I am doll parts

Want a break from the latest and greatest? Let me take you to back to a simpler time. Where men were men and lenses were… very small holes in a box. That’s right, pinhole photography! Want to hear about it? I’m sure you really want to, you really want to, you really do.


Behold, the Holga 120 WPC and all it’s plastic glory. I swear my pair of blu-blocker sunglasses weigh more than this camera. Unfortunately, the weight savings are offset by the need carry a tripod in tandem. At a constant f135, you’ll need to lock this thing down even on sunny days. The shutter button is on the front of the camera and it does accept a screw-in remote release cable. Be careful though because the shutter button basically just slides a piece of plastic out of the way, exposing the pinhole. If you don’t push the plunger enough to move that bit all the way, parts of the frame will not be exposed or there will be a thick vignette on one side.


As the small aperture drives longer exposure times, you will need to account for reciprocity failure of whatever film stock is loaded. Basically, reciprocity failure means that as you go into the ‘whole seconds’ range for shutter-speed, you must add incremental time to the metered shutter-speed value in order to expose properly expose the film because SCIENCE!! There are many discussions on this out on the net and many film manufacturers provide charts/guides as to how to factor this in to the exposure time. Chances are there’s a resource out there that can help you calculate the appropriate time for whatever stock you want to shoot.

Word on the street is that Holgas are prone to light leaks due to the plastic bodies and build quality. To get around this ‘feature’, some people tape the bodies. With this thing, I stuck a layer of yarn in the channels on the back and put some opaque tape over the red film advance window. After a shot, just peel the tape back, advance, and lay it back down. So far, there haven’t been any leaks in the rolls that have been run through it. I’m sure at some point the latches that hold the camera back on will break and I’ll end up rubber banding and taping the whole thing though.

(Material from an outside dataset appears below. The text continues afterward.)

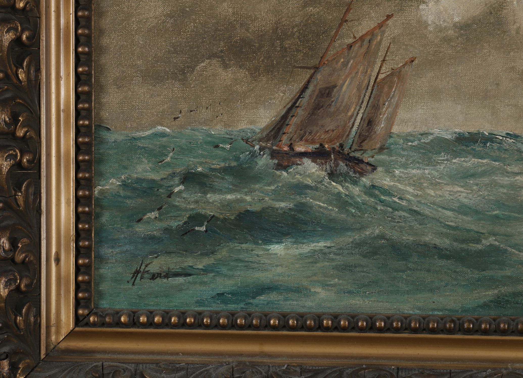 A dramatic marine oil painting by H. Ferd, depicting a sailing vessel battling rough seas near a rocky coastline under a stormy sky. The composition is full of motion, with the boat heeling in the wind and waves crashing below. Executed in a bold, textured style and housed in an ornate carved and gilded frame. Signed lower left.

The 120 WPC comes with 2 masks. One is 6×12 and one is 6×9. The picture above shows the 6×12 mask. In this format, a roll of 120 film will net 6 shots. At 6×9, a roll of 120 will net 8 shots. Obviously, you cannot switch between them mid-roll. There is a bubble-level on the top and 3 guide lines to aid in framing. They each have pegs at the end and show the field of view that will appear on the film. That’s it. You can line up the left and right edges of the scene, but the top and bottom will always be an educated guess.


Shooting with this thing takes a lot of time, but that’s the point. It’s pretty liberating to shoot with an extremely basic camera. Maybe, someday you will take like I take.

Thanks for reading!

Sample gallery:


2 thoughts on “I am doll parts

  1. Guyon says:

    Good read – I didn’t really know anything about these. The pictures you got are about the same detail I was able to get with a handheld Holga 135. It was fun to shoot with, but the results were far from sharp!


    1. majicaryo says:

      Yeah, but that’s kind of like spraying yourself with a hose and being surprised you got wet. Holgas are not sharp, but have ‘character’. Pinholes are not sharp, but have ‘character’. When shrunk down, the massive 6×12 negs will mask some of that, but the shots still inherently contain the characteristics of a holga and a pinhole.